What is required =
Nothing beyond the line containing "Председатель Совета иностранных" is to be printed; print exactly each line from the start of the records below through that line, leaving out pictures.

Input data =
Start of Block
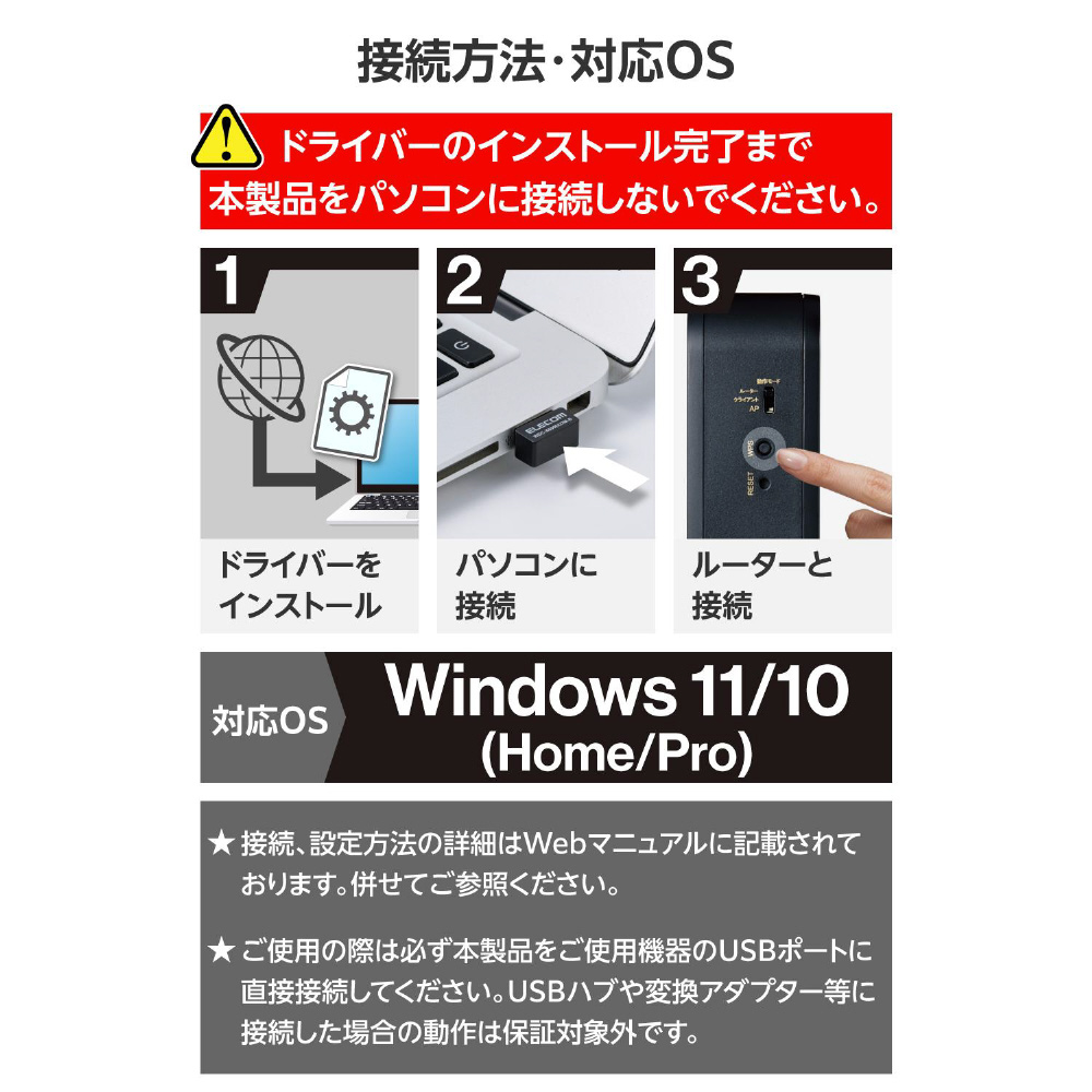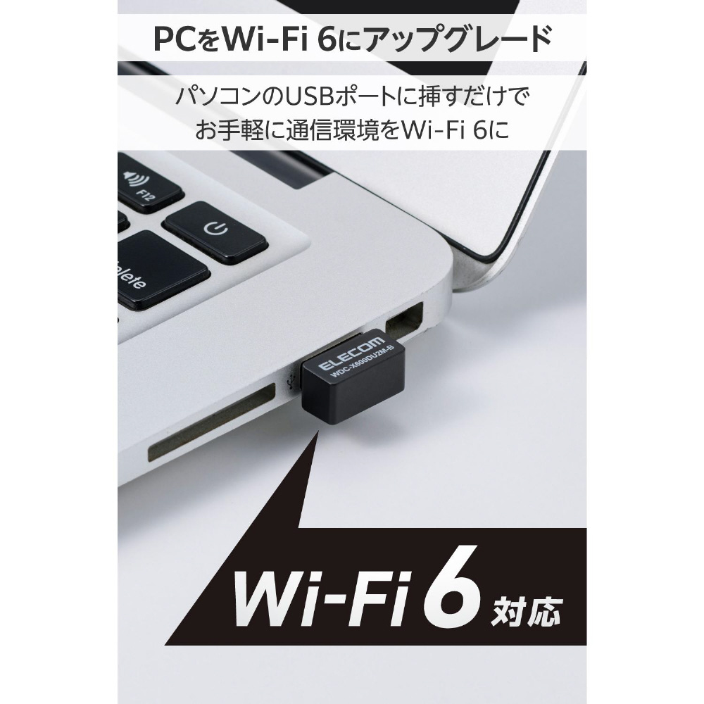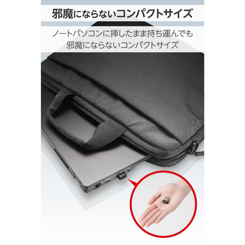 パソコンに装着したままでも邪魔にならない、超小型サイズ!手軽にWi-Fi 6通信ができる11ax・USB2.0対応600Mbps小型無線LANアダプターです。
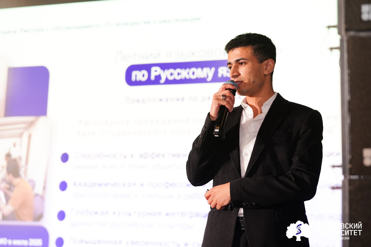 Председатель Совета иностранных обучающихся Сайф Ал-Шарафи на блестящем русском рассказал о векторах развития сообщества иностранных студентов. Этим летом Институт международного образования Первого МГМУ успешно провел пилотный летний языковой лагерь — «не просто курсы и интерактив, а фундамент для полноценного, успешного и комфортного вхождения в медицинскую профессию и жизнь в русскоязычной среде». На следующий год у института большие планы, которые ректор приветствовал: сделать лагерь ежегодным, проводить его в санатории «Звенигород» и добавить зимние смены.
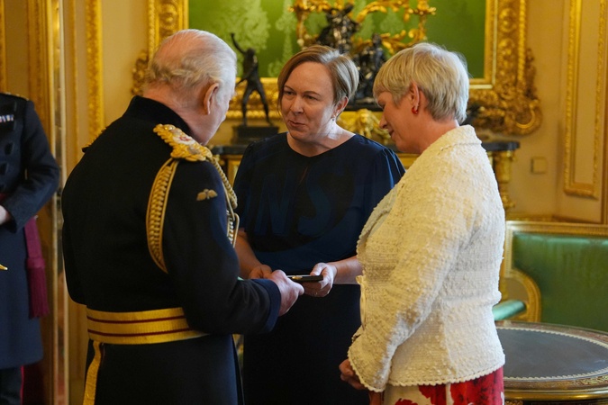 Mrs. Elaine Bell (Daughter) receives the Elizabeth Emblem from King Charles III at Windsor Castle, Berkshire, for Reserve Constable James Ferguson, Picture date: Wednesday November 12, 2025., Credit:Jonathan Brady / Avalon
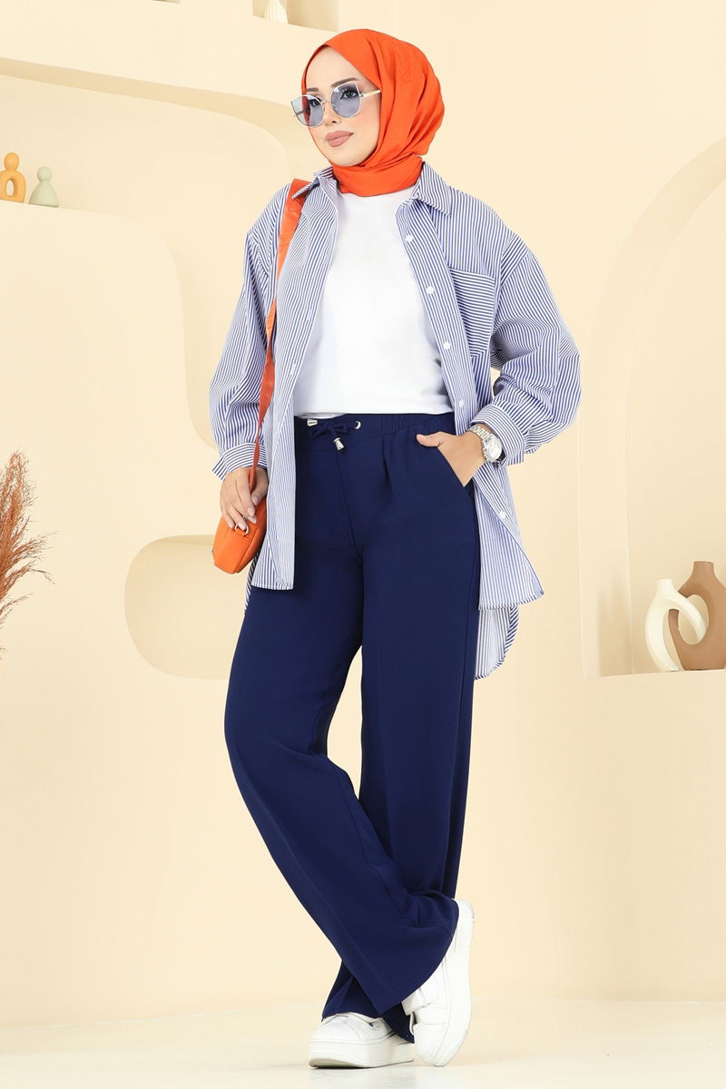 Ürün Detayları: Moda dünyasındaki yeni sezon tesettür trendlerinden biridir. Astarı bulunmamaktadır. Ayarlanabilir bağcıklı, kullanımı seçmeli. Yan cepleri mevcuttur. Pantolonun bel kısmı elastiktir.Renk tonunda çekim koşulları nedeniyle farklılıklar gözlenebilir.
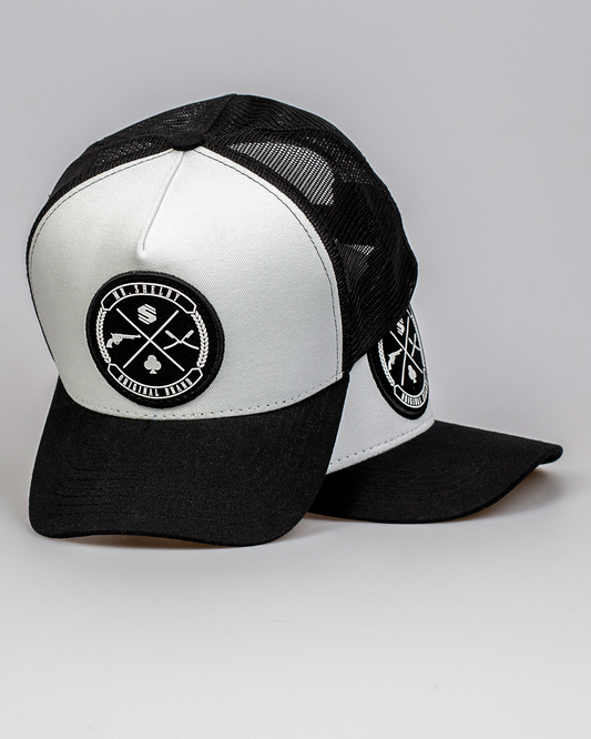 Boné Mr. Shelby Trucker Brasão Branco e Preto
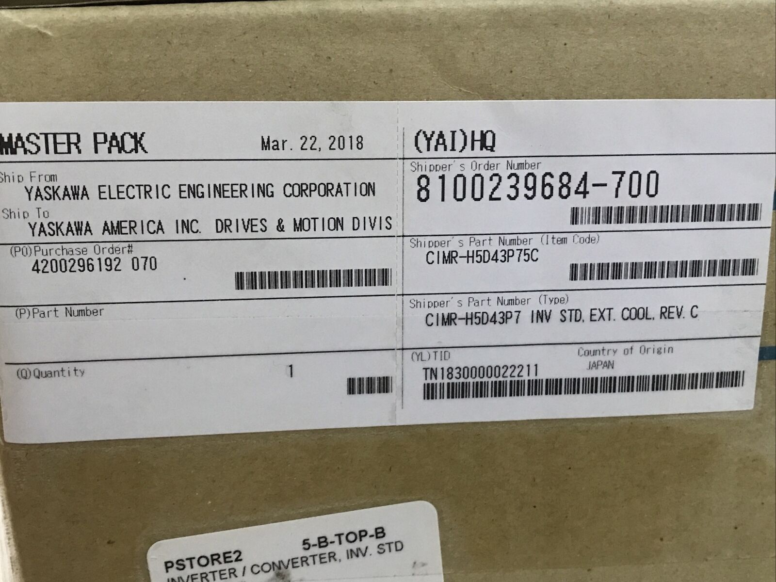 *Sealed* YASKAWA Drive CIMR-H5D43P7 Varispeed 676H5 CIMR-H5D43P75C
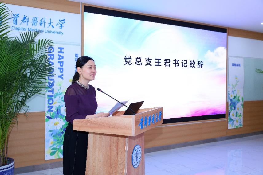 金玲玲副书记主持毕业典礼 在庄严的国歌声中,典礼正式拉开帷幕。 333体育 党总支书记王君首先致辞,她向圆满完成学业的同学们致以最诚挚的祝贺,并向辛勤付出的师长和家长表达衷心感谢。她勉励毕业生们坚守初心,在未来的道路上勇敢追梦,用智慧和担当书写人生新篇章。
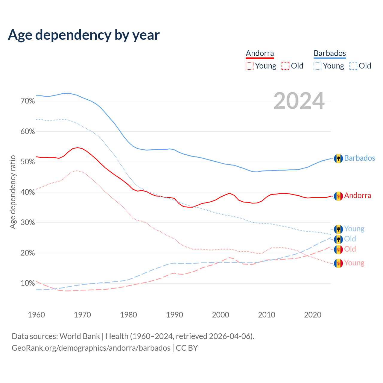 - Andorra is ranked 18/196 by median age (oldest to youngest) vs 47/196 for Barbados.
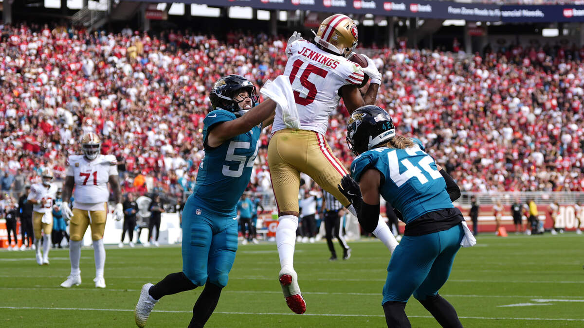 Jauan Jennings' nine grabs (on 19 targets) have netted him 129 yards (to average 43.0 per game) and one TD.
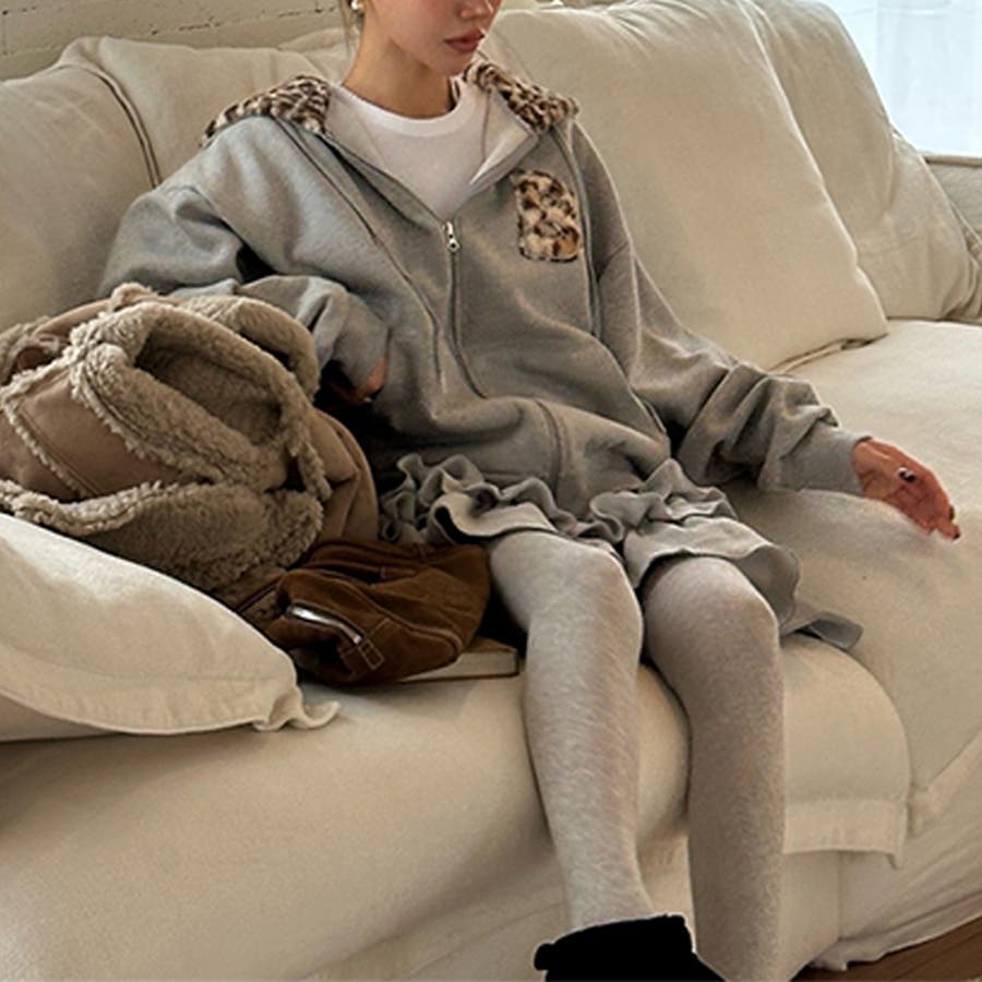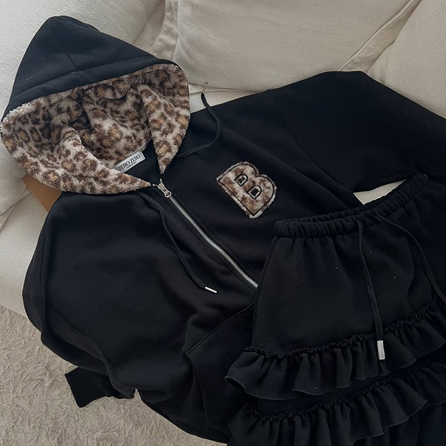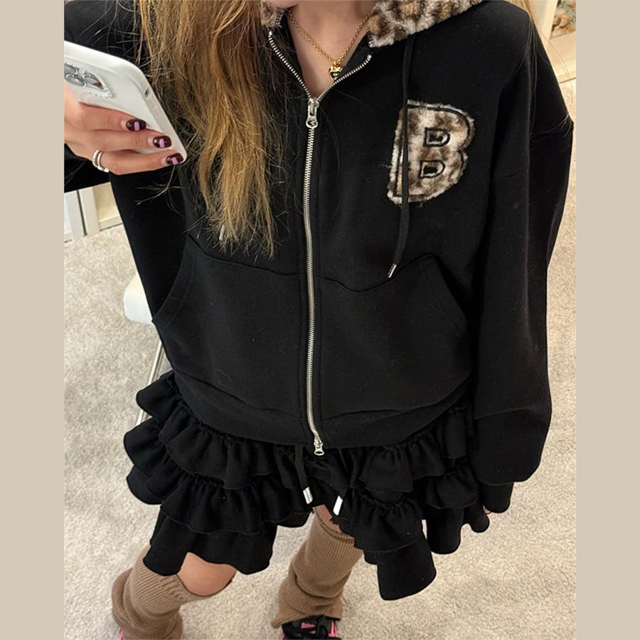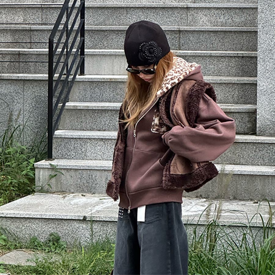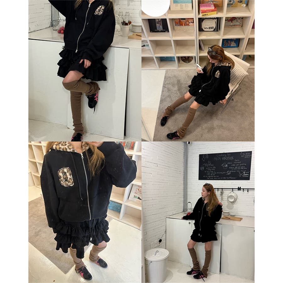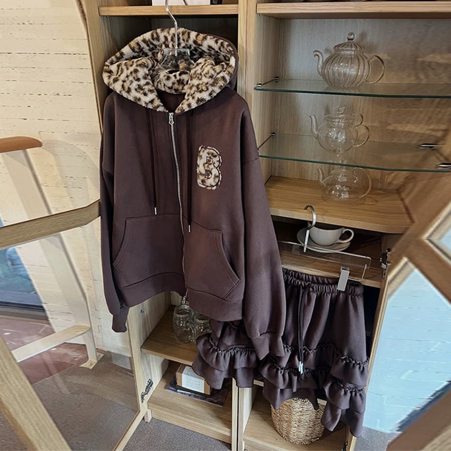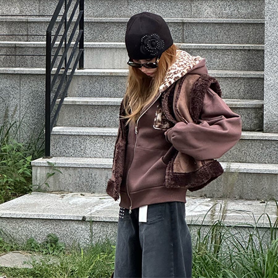甘辛系ガールズ☆裏起毛厚手レオパード配色ワッペン英字パーカーアウター
End of Block
Output for this exercise =
 パソコンに装着したままでも邪魔にならない、超小型サイズ!手軽にWi-Fi 6通信ができる11ax・USB2.0対応600Mbps小型無線LANアダプターです。
 Председатель Совета иностранных обучающихся Сайф Ал-Шарафи на блестящем русском рассказал о векторах развития сообщества иностранных студентов. Этим летом Институт международного образования Первого МГМУ успешно провел пилотный летний языковой лагерь — «не просто курсы и интерактив, а фундамент для полноценного, успешного и комфортного вхождения в медицинскую профессию и жизнь в русскоязычной среде». На следующий год у института большие планы, которые ректор приветствовал: сделать лагерь ежегодным, проводить его в санатории «Звенигород» и добавить зимние смены.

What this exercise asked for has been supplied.